DATA EXTRACT:
· · · ·

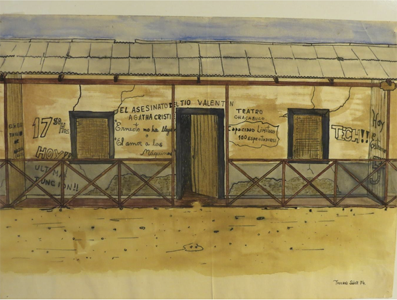 Fachada de la casa-teatro de Mario Molina Domínguez en el campo de concentración de Chacabuco en 1974 – advirtiendo la presencia “en cartelera” de la obra El asesinato del tío Valentín. Dibujo de Juan Sáez C., archivo personal Francisca Durán M. (inédito).
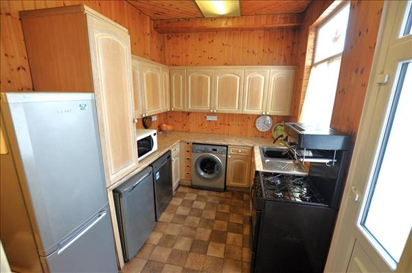 Features a range of wall / base units with roll edge worktops. Includes stainless steel sink with mixer tap, space/plumbing for washing machine, space for further appliances, tile to floor, boxed gas central heating boiler and ceiling light fitting. Upvc double glazed door & window to side. Door off to:
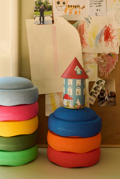 To tårne af farverige trædesten; det ene tårn med et Mumi Huskespil ovenpå. Bagved står en stor opslagstavle købt i XL Byg. Både Alban og Noam har deres egen opslagstavle, hvor de gemmer tegninger og billeder af familie og venner.
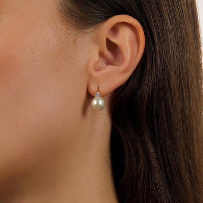 Серьги с 6 бриллиантами природными, 0.08 карат, огранка круг 17 граней, цвет 2, чистота 2, тип огранки А; 2 жемчугами пресноводными культ.белыми; Розовое золото 585 пробы.

· · · ·

TASK OBJECTIVE:
Go through the data above and print exactly the lines from its first line through the line holding "Features a range", both included, leaving pictures aside.

RESPONSE:
 Fachada de la casa-teatro de Mario Molina Domínguez en el campo de concentración de Chacabuco en 1974 – advirtiendo la presencia “en cartelera” de la obra El asesinato del tío Valentín. Dibujo de Juan Sáez C., archivo personal Francisca Durán M. (inédito).
 Features a range of wall / base units with roll edge worktops. Includes stainless steel sink with mixer tap, space/plumbing for washing machine, space for further appliances, tile to floor, boxed gas central heating boiler and ceiling light fitting. Upvc double glazed door & window to side. Door off to:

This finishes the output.